Apparently the BMI is out and the WHR is in.
According to incessant news reports last week, we should no longer be worried about our weight dependent upon height via the Body Mass Index but should just make sure we fit (literally) into the desirable Waist Hip Ratio.
The way to tell if you are healthy or on the verge of dying a horrible death and bringing shame upon your entire family both immediate and extended is to measure your waist.
If you’re a woman and your waist is bigger than 31 inches then you are-and I’m not making this up-“abdominally obese”.
That phrase was repeated innumerous times on the news last week in tones that suggested the gravest of dangers. The “Axis of Evil” is so passé. Abdominal obesity is now the world’s greatest threat.
So, it turns out that I’m abdominally obese, as is pretty much every woman I know, according to this formula.
Thirty-one inches? Are you kidding me?! Who conducted this survey, the producers of America’s Next Top Model? What’s next? Will my doctor sit me down and worriedly tell me that I am neckularly obese? The whole thing is patently ridiculous.
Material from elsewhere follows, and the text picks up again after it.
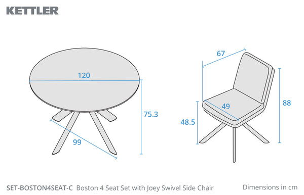 Complementing the table is the swivel Joey Side Dining Chair, known for its contemporary design and reliable comfort. Together, this set offers a modern, space-efficient dining solution that’s ideal for kitchens, apartments, or any home where style and practicality go hand in hand.

News of this study conjured up visions of Maury Povich or Dr Phil taking a wrecking ball to the side wall of a house in order to free a woman with a 32-inch waist who had been trapped by her own obesity for years. Perhaps Richard Simmons would be there in his little stripy shorts to help. He would lead the neighbours in a rousing chorus of “I Will Survive” as no less than 12 husky firefighters carried the trapped woman out.
I found myself laughing and yelling at my TV all at once. I know I shouldn’t be surprised by anything on the news since so little of it is actually news but I couldn’t help but take this one personally.
When I was little my dad nicknamed me Morgan Fat Guts because I had that little belly that pretty much all kids around the age of three have. I grew up internalizing my mother’s issues about her body and seeing myself as overweight even though I was anything but.
I went to my first Weight Watchers meeting in elementary school where, instead of turning me away at the door, they welcomed me in and taught me cute little sayings like, “Being hungry is like being in love; if you’re not sure, you’re probably not” that I still remember to this day.
I’ve had a lifetime of people telling me there’s something wrong with my body and believing them. But when this 31-inch = abdominal obesity nonsense came out, even I called bullshit.
I don’t need any more encouragement to feel bad about my body. It’s already everywhere I turn. Unchecked hatred gets spewed at fat people every day, and the threat of getting fat is treated as more frightening than terrorism.
And then there are the voices inside my head that tell me I’m ugly and unlovable. It’s a daily fight to counter all of this and some days I don’t win that fight. Some days I hate my body and hate myself for not having more willpower or a gym membership or a love of celery sticks.
Some days I walk down the street and think that everyone is looking at me with disgust and I feel ashamed and apologetic.
But after years of bulimia and therapy when I was younger and reading wonderful books like Marilyn Wann’s FAT!SO? Because You Don’t Have to Apologize for Your Size and Hanne Blank’s Big Big Love, I now have both a political resistance to the fat phobia of the world and a love of myself and my body; not a love of myself in spite of my body.
After years of hiding in ill-fitting clothes in an attempt to hide my shape, I now choose to celebrate my body and dress like the femme siren I see myself as.
These changes didn’t happen to me overnight or come easily. Even when I found fat politics and started to espouse its tenets I still didn’t quite believe they applied to me.
I was dating a dancer at the time with a lean, muscular body. Despite evidence to the contrary, I couldn’t help but think she was just dating me as some kind of political statement and that anyone who saw us together would wonder what she was doing with me when she could obviously do better.
But just as years of being taught to hate my body took their toll, years of working on loving my body have taken a more positive toll.
I am now focusing on being healthy instead of losing weight because I know that being thin does not necessarily make one healthy any more than being fat categorically makes you unhealthy.
I know plenty of fat folks who are incredibly physically active and have hearts as strong as strong can be. I’m not one of those folks, but I’m working on it.
And I’m continuing to work on loving myself and the ratio between my hips and my waist. No matter how threatening that might be to the world.